**Work request**
Since the pictures are not wanted, retype the listing below exactly and without them.
== Data segment
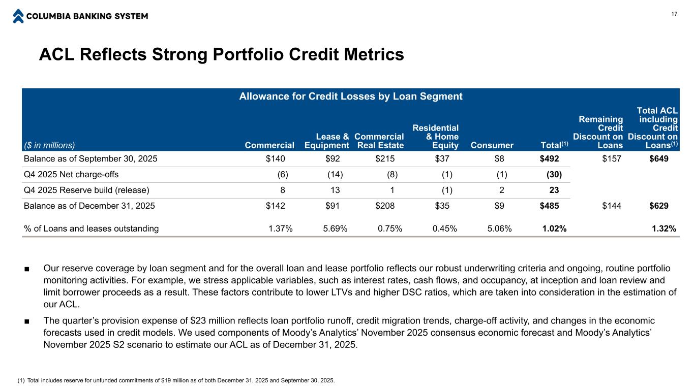 Continued Strong Credit Quality Provision Expense, Net Charge-Offs to Average Loans, and Nonperforming Assets to Total Assets $28 $27 $30 $— $23 $70 0.27% 0.32% 0.31% 0.22% 0.25% 0.33% 0.35% 0.35% 0.29% 0.30% Provision Expense ($mm) Acquisition-Related Provision Expense ($mm)¹ Net Charge-Offs / Average Loans (annualized) Non-Performing Assets / Total Assets Q4 2024 Q1 2025 Q2 2025 Q3 2025 Q4 2025 16 Allowance for Credit Losses ("ACL") $441 $438 $439 $492 $485 $60 $57 $52 $157 $144 1.17% 1.17% 1.17% 1.01% 1.02% 1.33% 1.32% 1.31% 1.34% 1.32% ACL ($mm) Credit Discount ($mm) ACL / Total Loans and Leases ACL + Credit Discount / Total Loans and Leases Q4 2024 Q1 2025 Q2 2025 Q3 2025 Q4 2025 ■ The remaining credit discount on loans of $144 million as of December 31, 2025 provides an additional 30 basis points of loss absorption when added to the ACL of $485 million. ■ Net charge-offs in the FinPac portfolio were $14 million in Q4 2025, compared to $16 million in Q3 2025. Net charge-offs excluding the FinPac portfolio were $16 million, or 0.13% of average bank loans, in Q4 2025, compared to $6 million, or 0.06% of average bank loans, in Q3 2025. ■ Nonperforming loans of $198 million as of December 31, 2025 include $79 million of loans with government guarantees. (1) Acquisition-related provision expense of $70 million was booked in Q3 2025, related to non-purchased credit deteriorated (“PCD”) loans and unfunded commitments acquired during Q3 2025. Non-acquisition-related provision expense was $0 for Q3 2025.
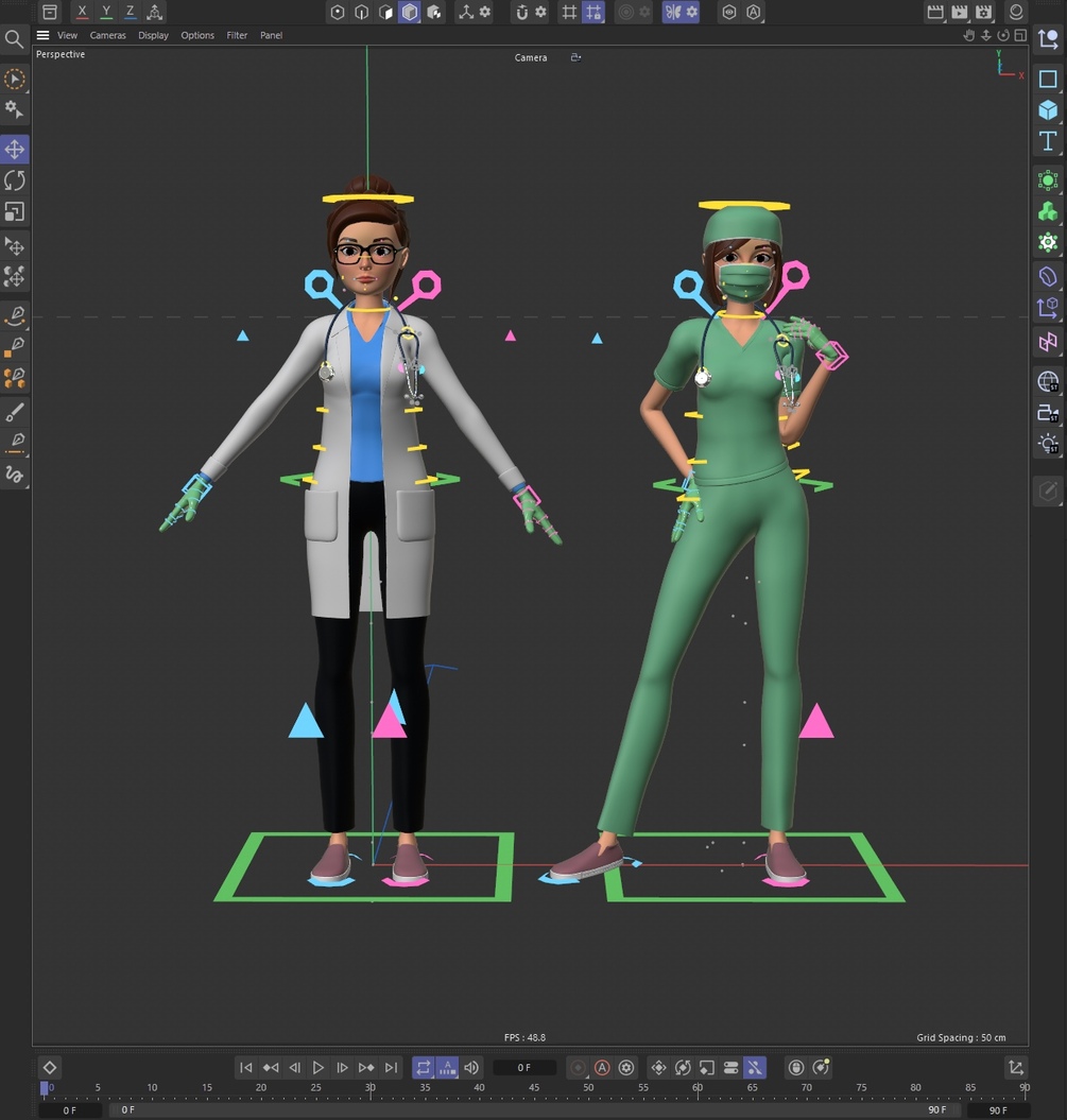 Doctor Melissa is a stylized cartoon female character rigged in Cinema 4D. She has a face rig and a body rig.
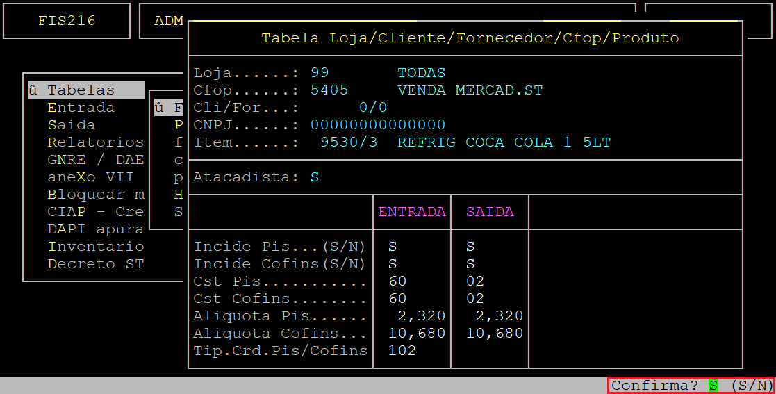 Assim que preencher os campos citados no quadro acima, o sistema exibirá a pergunta " Confirma? ", no qual deverá pressionar a tecla Enter ou informar a letra S para confirmar.
====
**Written answer**
 Continued Strong Credit Quality Provision Expense, Net Charge-Offs to Average Loans, and Nonperforming Assets to Total Assets $28 $27 $30 $— $23 $70 0.27% 0.32% 0.31% 0.22% 0.25% 0.33% 0.35% 0.35% 0.29% 0.30% Provision Expense ($mm) Acquisition-Related Provision Expense ($mm)¹ Net Charge-Offs / Average Loans (annualized) Non-Performing Assets / Total Assets Q4 2024 Q1 2025 Q2 2025 Q3 2025 Q4 2025 16 Allowance for Credit Losses ("ACL") $441 $438 $439 $492 $485 $60 $57 $52 $157 $144 1.17% 1.17% 1.17% 1.01% 1.02% 1.33% 1.32% 1.31% 1.34% 1.32% ACL ($mm) Credit Discount ($mm) ACL / Total Loans and Leases ACL + Credit Discount / Total Loans and Leases Q4 2024 Q1 2025 Q2 2025 Q3 2025 Q4 2025 ■ The remaining credit discount on loans of $144 million as of December 31, 2025 provides an additional 30 basis points of loss absorption when added to the ACL of $485 million. ■ Net charge-offs in the FinPac portfolio were $14 million in Q4 2025, compared to $16 million in Q3 2025. Net charge-offs excluding the FinPac portfolio were $16 million, or 0.13% of average bank loans, in Q4 2025, compared to $6 million, or 0.06% of average bank loans, in Q3 2025. ■ Nonperforming loans of $198 million as of December 31, 2025 include $79 million of loans with government guarantees. (1) Acquisition-related provision expense of $70 million was booked in Q3 2025, related to non-purchased credit deteriorated (“PCD”) loans and unfunded commitments acquired during Q3 2025. Non-acquisition-related provision expense was $0 for Q3 2025.
 Doctor Melissa is a stylized cartoon female character rigged in Cinema 4D. She has a face rig and a body rig.
 Assim que preencher os campos citados no quadro acima, o sistema exibirá a pergunta " Confirma? ", no qual deverá pressionar a tecla Enter ou informar a letra S para confirmar.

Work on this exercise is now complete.